# Should I Restart Animal Crossing?



## Blu Rose (Jan 29, 2014)

Okay, I want all of y'all people's opinions on this.

Should I restart my Animal Crossing Gamecube?
This is really bugging me, as my town has all these weeds, and Wisp is just waaaaayyyy too hard to find, for me.
I should also restart due to my many, many, many cheating (abusing the code system) escapades, and I also have Golden Shovels laying about, and I just want to restart.
*BUT,* I have great villagers, town map, and certain legitimate items that I just don't want to lose. This includes a great museum collection, and (after 1,000,000,000 years) a complete painting collection.

So, what should I do? I want all of your opinions on this.


----------



## SirGanatar (Feb 1, 2014)

Meh, restart.  You'll fill the museum up again.


----------



## Blu Rose (Feb 1, 2014)

Okay, I'll take your word for it.


----------



## Cou (Feb 5, 2014)

DID YOU ? ! omg.


----------



## Blu Rose (Feb 5, 2014)

Cou said:


> DID YOU ? ! omg.



Not just yet...


----------



## Farobi (Feb 6, 2014)

Don't :[
Take a last tour around it and squeeze everything about it in your mind. 
You'll feel really sad and you won't want to restart, if it gives off a positive aura.
Weeds can be removed, just like ask someone irl to remove them for you and pay stuff if you're lazy idk
I'm not sure what else to say on here. haha. but if you dont play ac gamecube often, then go for it! you're not losing much anyways.


and why dont u have a 3ds ?


----------



## matt (Feb 6, 2014)

If you do, you will waste some of your game card saves.

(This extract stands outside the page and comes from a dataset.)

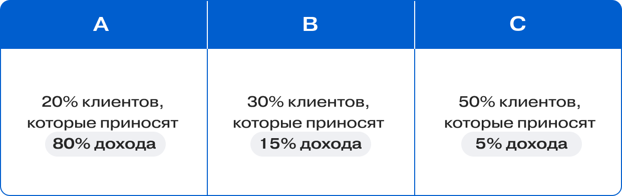 Разделение на такие категории позволяет продумать разный подход к клиентам, установить разные уровни их обслуживания так, чтобы больше внимания было сосредоточено на самых доходных клиентах. То есть чтобы 80% ресурсов компании направлялось на тех, кто приносит 80% дохода. А 20% ресурса — на тех, кто приносит 20% дохода.

Game cards can only hold a certain number of saves to them and if you reset, you might reach the end of the game card with only 1 hour or 2 into your new town.


----------



## Emily (Feb 6, 2014)

dont because you may never get into it after new leaf, you will regret it so much i can pretty much promise that


----------



## seanrc (Feb 6, 2014)

Don't! Just use cheats to remove weeds and dispose of the bells somehow. Maybe donate to something?


----------



## Tenyu (Feb 6, 2014)

I'd be hesitant to restart. There's too much nostalgia wrapped up in my old towns for me to consider deleting any of them.

However, if I were to buy another memory card, I'd start a new town in a heartbeat.


----------



## Blu Rose (Feb 7, 2014)

Farobi said:


> Don't :[
> Take a last tour around it and squeeze everything about it in your mind.
> You'll feel really sad and you won't want to restart, if it gives off a positive aura.
> Weeds can be removed, just like ask someone irl to remove them for you and pay stuff if you're lazy idk
> ...



I don't have a 3DS because my parents are too cheap to buy one I don't have the money...

@matt: Okay...?

@Emily: I don't have a 3DS, so I don't really think that there is a big threat of that, and I like GC for the personalities.

@seanrc: Again, I'd have to meet people IRL to donate anything...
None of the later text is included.